TO DO
Please retype the listing below word for word and exclude its images.

GIVEN RECORDS

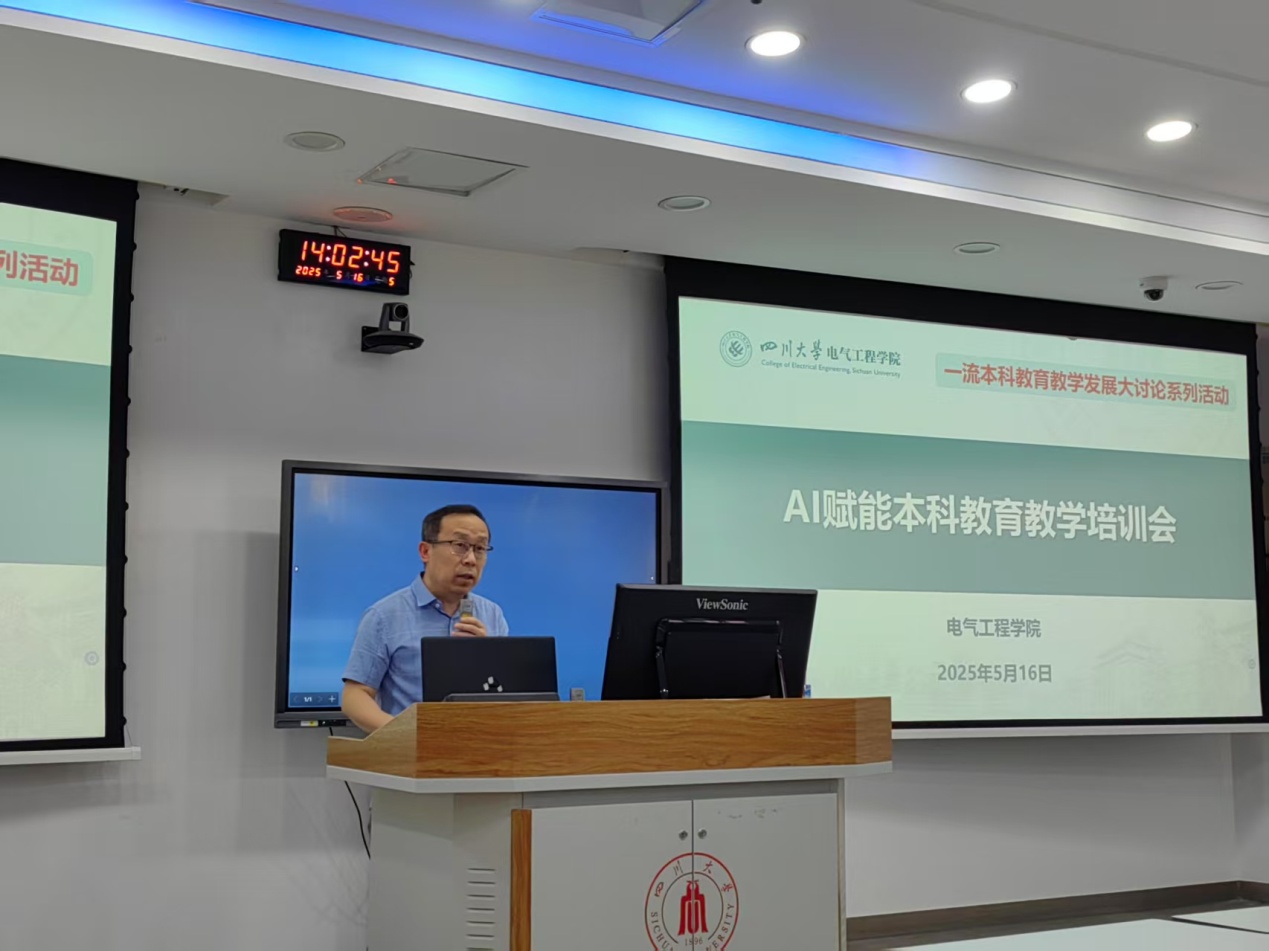 为深入贯彻《四川大学人工智能深度赋能一流本科建设行动计划》,推进学院本科课程数字化、智慧化教学全覆盖进程,学院于2025年5月16日下午在基础教学楼C103成功举办了“AI赋能本科教育教学培训会”。本次培训会旨在通过引入先进的人工智能教学工具和平台,介绍AI技术在本科教育教学中的应用,提升教师以“人工智能+”赋能教育教学的能力,促进学院教学改革的创新和培养质量的提升。学院全体教师积极参与了此次培训,会议由副院长李长松主持。
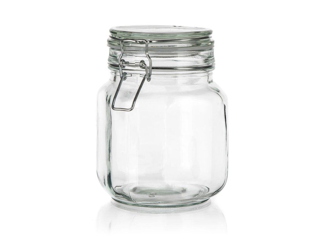 Skleněná hermetická dóza EREA 1 l se skleněným víčkem a kovovým zavíracím patentem.
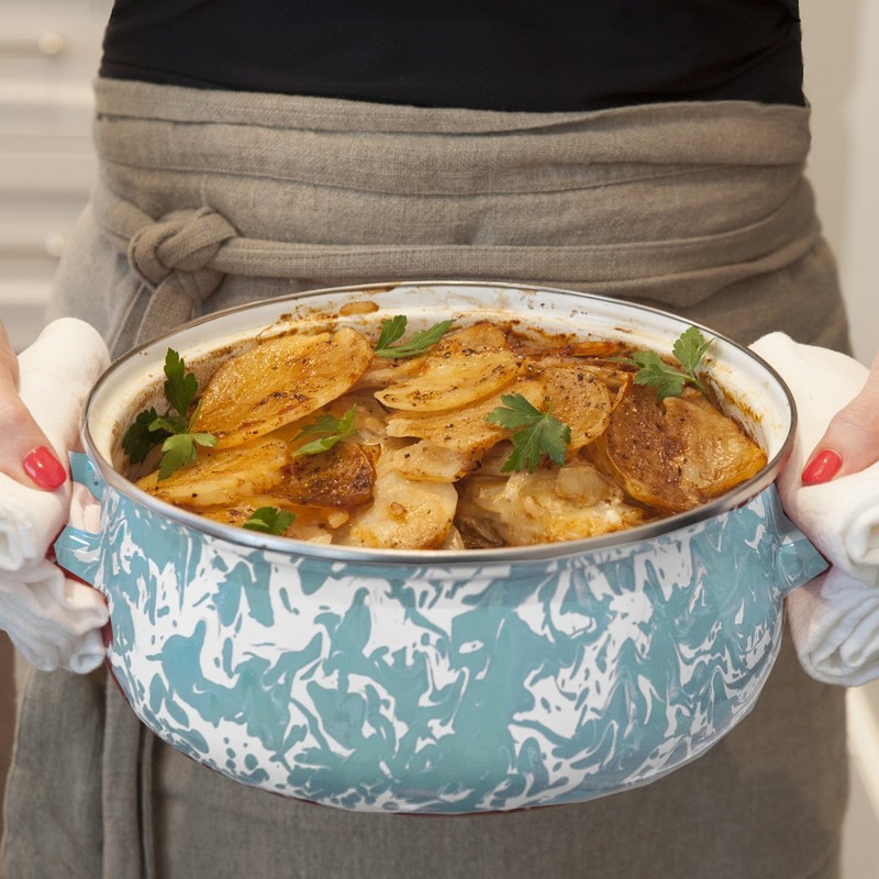 Golden Rabbit Enamelware - Sea Glass Teal Swirl Pattern - 4 Quart Dutch Oven
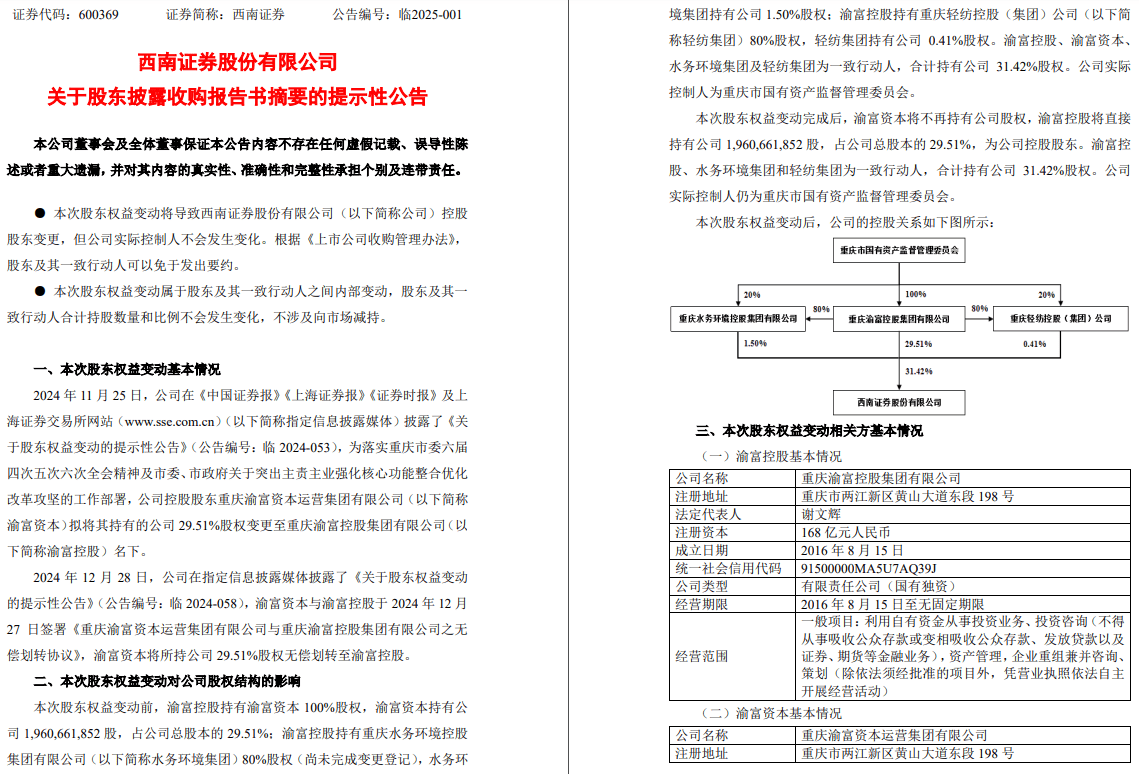 西南证券控股股东沉庆渝富本钱运营集团无限公司(简称:渝富本钱)取沉庆渝富控股集团无限公司(简称:渝富控股)于2024年12月27日签订《沉庆渝富本钱运营集团无限公司取沉庆渝富控股集团无限公司之无偿划转和谈》,渝富本钱将所持公司29。51%股权无偿划转至渝富控股。本次股东权益变更前,渝富控股持有渝富本钱100%股权,渝富本钱持有公司1,960,661,852股,占公司总股本的29。51%;渝富控股持有沉庆水务控股集团无限公司(简称:水务集团)80%股权(尚未完成变动登记),水务集团持有公司1。50%股权;渝富控股持有沉庆轻纺控股(集团)公司(简称:轻纺集团)80%股权,轻纺集团持有公司0。41%股权。渝富控股、渝富本钱、水务集团及轻纺集团为分歧步履人,合计持有公司31。42%股权。公司现实节制报酬国有资产监视办理委员会。本次股东权益变更完成后,渝富本钱将不再持有公司股权,渝富控股将间接持有公司1,960,661,852股,占公司总股本的29。51%,为公司控股股东。渝富控股、水务集团和轻纺集团为分歧步履人,合计持有公司31。42%股权。公司现实节制人仍为国有资产监视办理委员会。本次股东权益变更将导致公司控股股东变动,需按报中国证券监视办理委员会核准,且需待取得上海证券买卖所的合规确认后向中国证券登记结算无限义务公司上海分公司申请打点股份让渡过户登记,具有不确定性。本次股东权益变更不会对公司日常运营勾当形成严沉影响,公司将持续关心本次股东权益变更事项的进展环境,协帮相关消息披露权利人按履行消息披露权利,敬请泛博投资者留意投资风险。
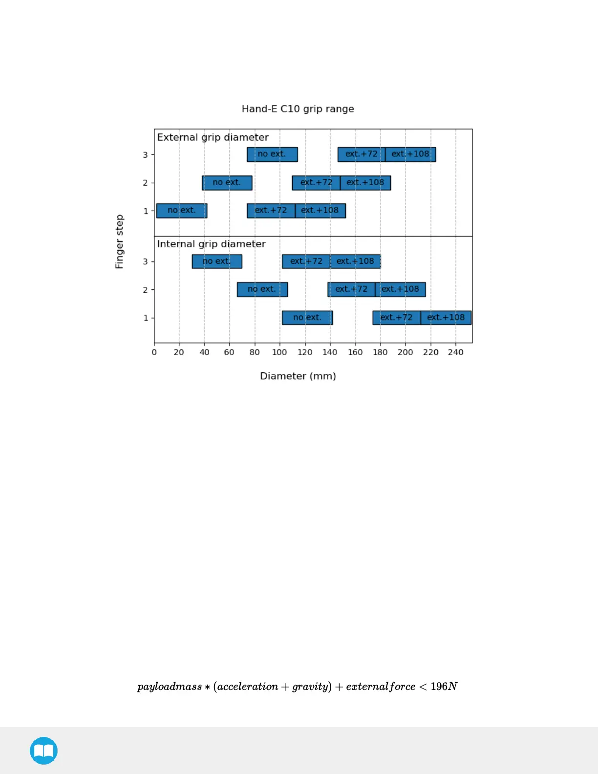 different orientations and finger extender allow 2 positions. Here’s a summary of the diameter range combined with the gripper’s
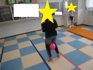 ボールを足で挟んで、カンガルージャンプをします(^^)
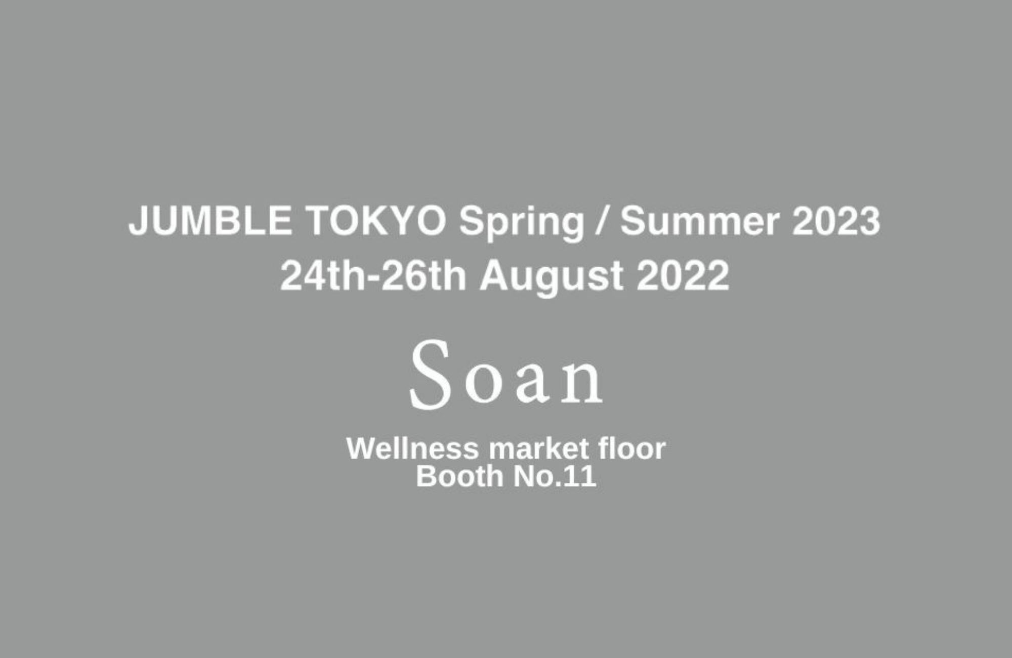 株式会社Soan(本社:東京都世田谷区玉川3-20-2 代表取締役:高橋政樹)は、2022年 8月24日(水)~26日(金)に 開催される【JUMBLE TOKYO Spring / Summer 2023 & wellness market vol.8 】への出展が決定いたしました。

TASK ANSWER
 为深入贯彻《四川大学人工智能深度赋能一流本科建设行动计划》,推进学院本科课程数字化、智慧化教学全覆盖进程,学院于2025年5月16日下午在基础教学楼C103成功举办了“AI赋能本科教育教学培训会”。本次培训会旨在通过引入先进的人工智能教学工具和平台,介绍AI技术在本科教育教学中的应用,提升教师以“人工智能+”赋能教育教学的能力,促进学院教学改革的创新和培养质量的提升。学院全体教师积极参与了此次培训,会议由副院长李长松主持。
 Skleněná hermetická dóza EREA 1 l se skleněným víčkem a kovovým zavíracím patentem.
 Golden Rabbit Enamelware - Sea Glass Teal Swirl Pattern - 4 Quart Dutch Oven
 西南证券控股股东沉庆渝富本钱运营集团无限公司(简称:渝富本钱)取沉庆渝富控股集团无限公司(简称:渝富控股)于2024年12月27日签订《沉庆渝富本钱运营集团无限公司取沉庆渝富控股集团无限公司之无偿划转和谈》,渝富本钱将所持公司29。51%股权无偿划转至渝富控股。本次股东权益变更前,渝富控股持有渝富本钱100%股权,渝富本钱持有公司1,960,661,852股,占公司总股本的29。51%;渝富控股持有沉庆水务控股集团无限公司(简称:水务集团)80%股权(尚未完成变动登记),水务集团持有公司1。50%股权;渝富控股持有沉庆轻纺控股(集团)公司(简称:轻纺集团)80%股权,轻纺集团持有公司0。41%股权。渝富控股、渝富本钱、水务集团及轻纺集团为分歧步履人,合计持有公司31。42%股权。公司现实节制报酬国有资产监视办理委员会。本次股东权益变更完成后,渝富本钱将不再持有公司股权,渝富控股将间接持有公司1,960,661,852股,占公司总股本的29。51%,为公司控股股东。渝富控股、水务集团和轻纺集团为分歧步履人,合计持有公司31。42%股权。公司现实节制人仍为国有资产监视办理委员会。本次股东权益变更将导致公司控股股东变动,需按报中国证券监视办理委员会核准,且需待取得上海证券买卖所的合规确认后向中国证券登记结算无限义务公司上海分公司申请打点股份让渡过户登记,具有不确定性。本次股东权益变更不会对公司日常运营勾当形成严沉影响,公司将持续关心本次股东权益变更事项的进展环境,协帮相关消息披露权利人按履行消息披露权利,敬请泛博投资者留意投资风险。
 different orientations and finger extender allow 2 positions. Here’s a summary of the diameter range combined with the gripper’s
 ボールを足で挟んで、カンガルージャンプをします(^^)
 株式会社Soan(本社:東京都世田谷区玉川3-20-2 代表取締役:高橋政樹)は、2022年 8月24日(水)~26日(金)に 開催される【JUMBLE TOKYO Spring / Summer 2023 & wellness market vol.8 】への出展が決定いたしました。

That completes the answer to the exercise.